Après avoir soutenu son doctorat à Princeton, il y a enseigné pendant un an, puis a déménagé au Massachusetts Institute of Technology, pour ensuite décrocher un emploi à l'Université du Minnesota. En 1965, il a déménagé à l'Université hébraïque de Jérusalem, où il a travaillé jusqu'à sa retraite en 2003.

Grigory Alexandrovich Margulis est né à Moscou en 1946 et a soutenu son doctorat à l'Université d'État de Moscou en 1970. Il a reçu le prix Fields en 1978, à l'âge de 32 ans, mais n'a pas été autorisé à quitter l'URSS pour la cérémonie de remise des prix qui s'est tenue à Helsinki, en Finlande.

En tant que juif, il n'a pu obtenir d'emploi dans aucune des prestigieuses institutions. Il a travaillé à l'Institut A. A. Kharkevich des problèmes de transmission de l'information, mais ses solutions pratiques l'ont conduit à des découvertes liées aux expanseurs.

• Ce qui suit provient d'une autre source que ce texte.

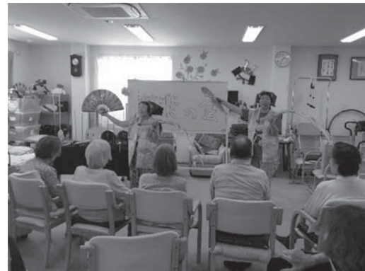
南京玉すだれ（あッそれー・あッそれー）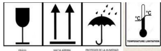
Fig. 3. Pictograma para el yonque

Además, que se le coloca los pictogramas necesarios para tener cuidado con el producto [31]. Siendo estas imágenes que comunican el correcto manejo, traslado y conservación del producto [55]. Según, en las exportaciones de vino irían los siguientes pictogramas: frágil, hacia arriba, proteger de la humedad y temperatura limitada adecuados para esta bebida alcohólica o similar a ella [54].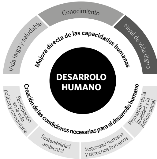
Figura 1. Dimensiones del desarrollo humano.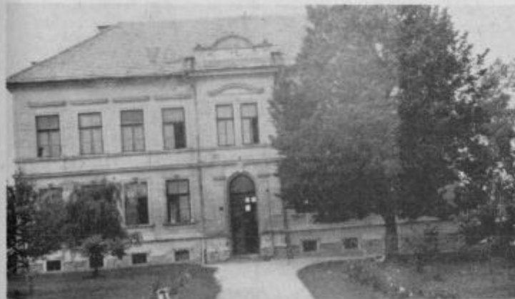
Dosedanji prostori v tej zgradbi niso učencem iz Laporja in okolice zagotavljali sodobnih oblik pouka.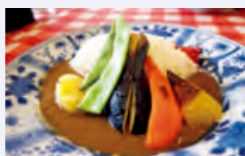
三笠會館 グリル野菜のカレー (野菜は季節によって変わります。)

当館1階レストラン「銀座洋食 三笠會館」では、人気メニュー「グリル野菜のカレー」を「染付芙蓉手VOC字文皿」を再現したお皿でご提供しています。お食事とともにぜひ文様もお楽しみください。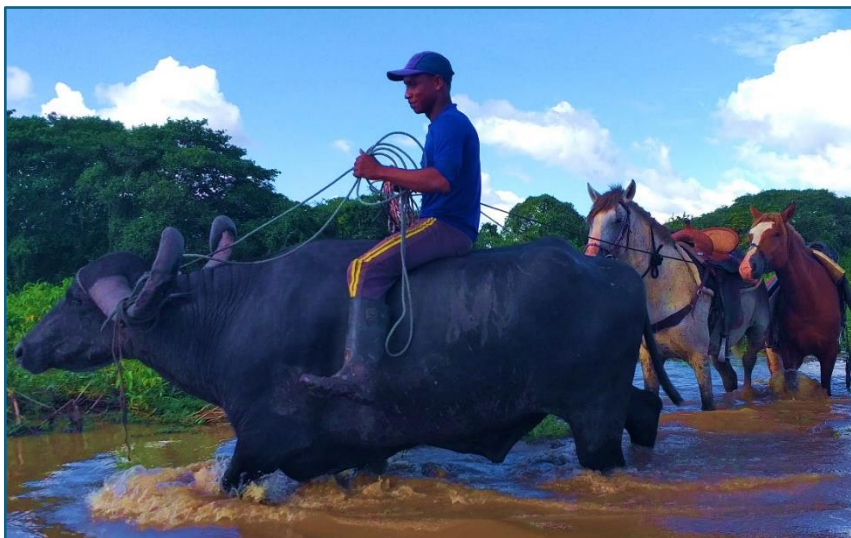
Figura 11 — Vaqueiro conduzindo animais de montaria

"Je me suis retrouvé au bon endroit au bon moment", a déclaré Margulis. "Si je n'y étais pas arrivé, je n'aurais probablement pas réglé ce problème."

Dans les années 1980, il a pu se rendre dans des universités d'autres pays et, en 1991, il s'est installé à Yale.

La cérémonie de remise du prix Abel, qui devait se tenir à Oslo le 19 mai 2020, a été temporairement reportée en raison de la pandémie de coronavirus.